How do we manage to recognise and use thousands of objects every day?

Recognizing objects is essential for survival: animals rely on it to find food, escape predators, or choose mates. In humans, this ability has become even more complex because we live surrounded by artificial objects. But how does the brain recognize and organize this information?

A team of researchers led by Alessio Fracasso used functional magnetic resonance imaging (fMRI) and a technique called population receptive field analysis (which helps understand how groups of neurons respond to different stimuli) to examine how different brain regions respond to manipulable objects, such as hammers or tweezers. They tested two action-related dimensions: the type of grip and the force required to use the object.

By presenting images of objects arranged according to these dimensions, the scientists observed that brain responses were not random: they formed continuous patterns, true “content maps” (contentopic maps), in both ventral and dorsal visual areas.
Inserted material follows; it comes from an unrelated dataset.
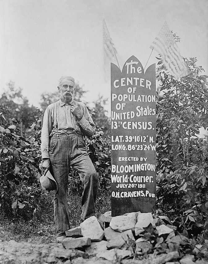 Mean center of United States population [man standing next to memorial stone]

These maps are consistent across individuals, specific to each dimension, and independent of other visual maps, such as those representing the object’s position in the visual field. This organization may make processing faster and more efficient, reducing energy costs and facilitating object discrimination.

The results suggest that the brain uses topography not only for sensory information but also for functional aspects of objects, which are crucial for everyday actions. This discovery paves the way for new approaches in neuroscience, motor rehabilitation, and even robotics, where understanding how the brain encodes interaction with objects can inspire more intelligent systems. This study was published in the scientific journal NeuroImage, in the article Contentopic mapping in ventral and dorsal association cortex: The topographical organization of manipulable object information, as a part of research project 203/20 - Dynamic eye-movement encoding in human cortex using ultra-high field fMRI (7Tesla), supported by the Bial Foundation.

ABSTRACT

Understanding how object information is neurally organized is fundamental to unravel object recognition. The best-known neural organizational principle of information is topographical mapping of specific dimensions. Such maps have been shown for sensorimotor information within sensorimotor cortices (e.g., retinotopy). Here we ask whether there are topographic maps – by analogy, contentopic maps – for mid-level object-related dimensions. We used functional magnetic resonance imaging and population receptive field analysis to measure tuning of neural populations to selected manipulable object-related action-based dimensions. We show maps in dorsal and ventral occipital cortex that code for the score of each object on each target dimension in a linear progression following a particular direction along the cortical surface. Maps for each dimension are distinct, are consistent across individuals, and are not exhausted by participant-specific eccentricity maps, nor by high-definition eccentricity maps derived from available databases. Thus, object information is potentially coded in multiple topographical maps – i.e., contentopic maps. These contentopic maps refer to intermediate level visual and visuomotor representations, potentially computed from the interaction of lower-level visual features through non-linear transformation following gestalt principles. This suggests that topography is a widespread and non-incidental strategy for the organization of information in the brain that leads to greatly reduced connectivity-related metabolic costs and fast and efficient readouts of information for stimuli discrimination.